QUARTA-FEIRA DE CINZAS E QUARESMA

A reprovação destes ritos pela Igreja Presbiteriana não justifica nosso desconhecimento de seus significados para os que aprovam. As cinzas fazem parte dos sacrifícios cruentos desde os primórdios da história da religião. Na tradição hebraica, em particular, as cinzas do altar das ofertas queimadas, nos dias de grande festividade, podiam acumular-se para serem retiradas no dia seguinte somente por um sacerdote escolhido para fazer o trabalho.  Uma espécie de lixívia era feita com as cinzas da novilha sacrificada e usada para as purificações cerimoniais (Nm 19.17,18). As cinzas resultantes de holocaustos especiais eram guardadas e misturadas com água corrente, para purificação das poluções e como sinal de jejum (Is 58.5; Jn 3.6).

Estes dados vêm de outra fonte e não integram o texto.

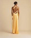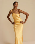 Yellow One Shoulder Satin Maxi Dress with Slit
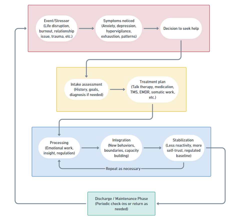 The same is true here. The session is where you learn and practice; the real change happens in how you live between sessions. If you stay the course and consistently do the work, there comes a point where you’re standing on your own again because you rebuilt the strength yourself.

As Escrituras nos oferecem alguns usos figurados da cinza, vejamos alguns:

1. A fragilidade humana (Gn 18.27). 2. A humilhação (Et 4.1; Jn 3.6; Mt 11.21; Lc 10.13). 3. Assentar-se sobre cinzas era sinal de lamentação e luto (Jó 1.8; Lm 3.16; Ez 27.30). A lamentação também era indicada pelo ato de lançar cinzas sobre a própria cabeça (2Sm 3.10; Is 41.3) 4. Alimentar-se de cinzas, misturando-as com o próprio alimento, representava a tristeza (Sl 102.9). Porém, em Isaías 45.20, aparentemente denota o labor que resulta em nada, porque não há nutrientes nas cinzas. 5. Total destruição (Ez 28.18; 2Pe 2.6). 6. Indignidade (Gn 18.27). 7. Redução dos inimigos a nada (Ml 4.3).

No cristianismo o uso das cinzas teve seu início com Tertuliano (155-222 d.C.) O grande escritor e sacerdote do II e III séculos usava as cinzas nas cerimônias públicas de penitência. Os penitentes punham cinzas sobre suas cabeças e ficavam à porta dos templos, esperando readmissão à comunhão. Isso haveria de evoluir para tornar-se a formal “Quarta-feira de Cinzas”, largamente observada pela cristandade Católica Romana.

A “Quarta-feira de Cinzas” tem o seu lugar como o primeiro dia do período da “Quaresma”. O dia resume a prática antiga, como já vimos, de aspergir cinzas sobre as cabeças dos penitentes, visando restaurá-los à comunhão na Páscoa. Essa aspersão finalmente passou a ser dada à congregação reunida. O missal contém um culto para a bênção das cinzas, que seria um sinal de humilhação, contrição e lamento (Dn 9.3; Mt 11.21; Is 61.3).  

A “Quaresma” é o nome dado ao período de quarenta dias que precedem a Páscoa. É conhecido também como o jejum pré-pascal. No começo esse jejum era da décima parte de um ano, mas depois se foi ampliando até chegar aos quarenta dias. Algumas Igrejas Católicas e Anglicanas destinam este período à preparação para o batismo e para a penitência pública por parte dos candidatos ao batismo por ocasião da Páscoa. Durante esse período as Igrejas dedicam todas as sextas-feiras em memória da morte de Cristo. [Cf. Catecismo da Igreja Católica, cap. II, § 1438]

O rito da “Quarta-feira de Cinzas” e da “Quaresma” não resistiu ao rigor bíblico da Reforma Protestante do século XVI.  Embora as cinzas e o número quarenta ocupem seu lugar nas Escrituras, não passam de sombras diante da materialidade de Jesus Cristo e sua obra (Cl 2.17). A observância desses dias e de suas respectivas práticas com o propósito simbólico de purificação e preparação através da penitência não tem lugar no cristianismo bíblico. Paulo é bastante claro quando fala contra o cerimonialismo e sua prática: “… Pois que todas estas coisas, com o uso se destroem. Tais coisas, com efeito, tem aparência de sabedoria, como culto a si mesmo, e de falsa humildade, e de rigor ascético; todavia, não tem valor algum …” (Cl 2.22,23). Rev. Ronaldo Bandeira Henriques.